Background/Aim: This study aimed to evaluate the precision of the Raypex 6 apex locator in locating the apical constriction (AC) and major foramen (MF) during a root canal treatment compared with a microscopic evaluation. Another aim of the present study was to evaluate the accuracy of the Raypex 6 in the presence of different irrigating solutions (NaOCl, saline, EDTA, etidronic acid-HEBP). Material and Methods: One hundred and nine patients were included in this study and were randomly assigned into four groups according to the irrigation solution used; NaOCl, EDTA, HEBF and saline. Electronic MF (EMF) and AC (EAC) were measured by using Raypex 6. The teeth were extracted. The apical 3 mm of each canal was trimmed to expose the file tip. The samples were observed under a stereomicroscope, and the actual length of MF (ALMF) and AC (ALAC) were measured. The data were analyzed by using x2 test, and significance was set at P< 0.05. Results: The Raypex 6 was accurate 71.4% of the time to ±0.5mm and 93.3% of the time to ±1mm in determining the ALAC. While similar ALAC-EAC differences were observed in EDTA, NaOCl, and saline groups (p= 0.230), the highest differences were seen in the HEBP group (p= 1.000).
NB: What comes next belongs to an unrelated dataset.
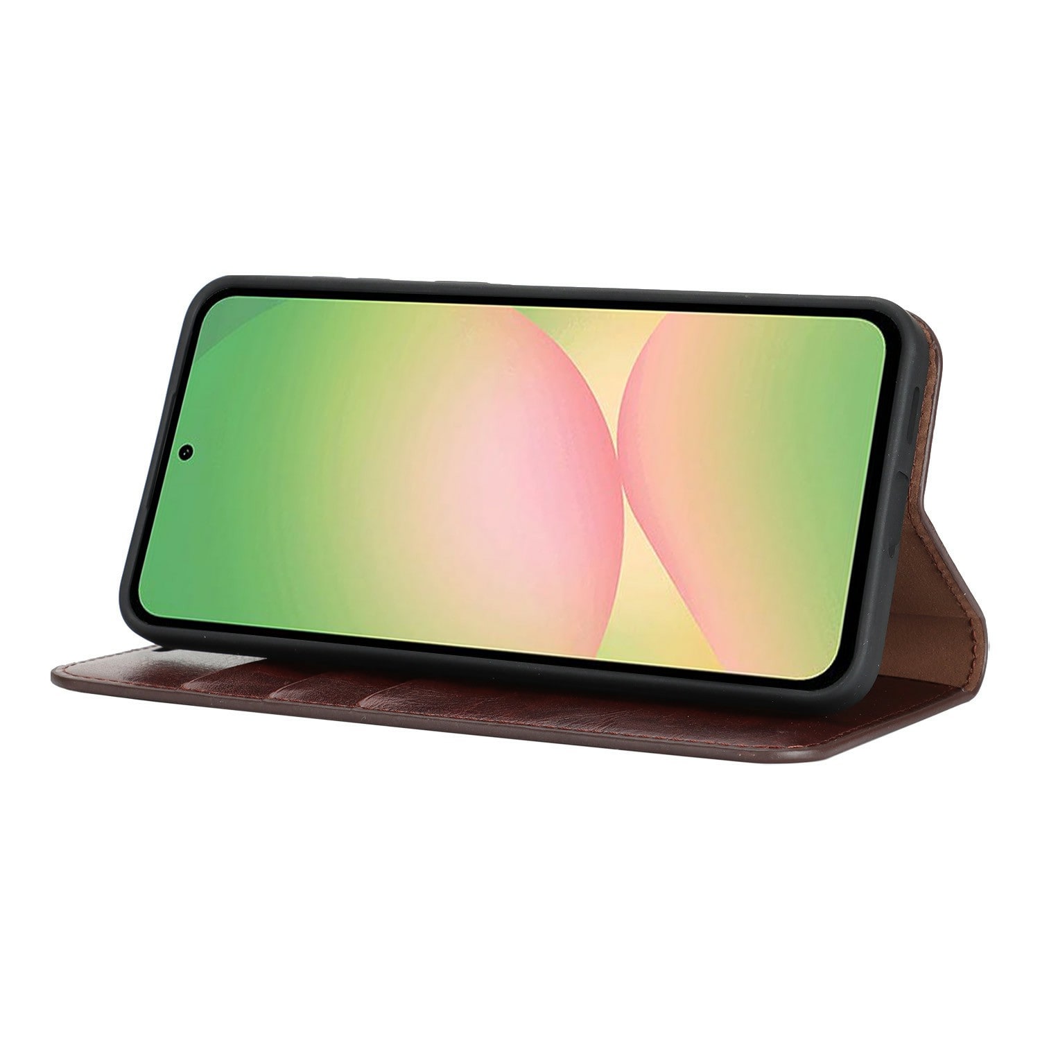 Skydda din Samsung Galaxy A57 med ett fodral i äkta läder. Trots sin tunna och smarta design har fodralet 3 stycken kortfack och 1 sedelfack på insidan av locket. Telefonen klickas i ett flexibelt skal för att sitta säkert fast i fodralet.

The precision of Raypex 6 in determining the working length measurement depends on the type of irrigation. All solutions allowed reliable detection of AC. However, HEBF significantly increased the risk of overpreparation. Conclusions: Raypex 6 can be recommended for clinical use and its accuracy is not affected by the type of irrigant when locating MF.

Highlights

  • Root canal treatment (RCT) procedures should be confined within the root canal system[1]

  • No significant difference was observed between the test groups according to the mean difference between the Electronic MF (EMF) and actual length of MF (ALMF)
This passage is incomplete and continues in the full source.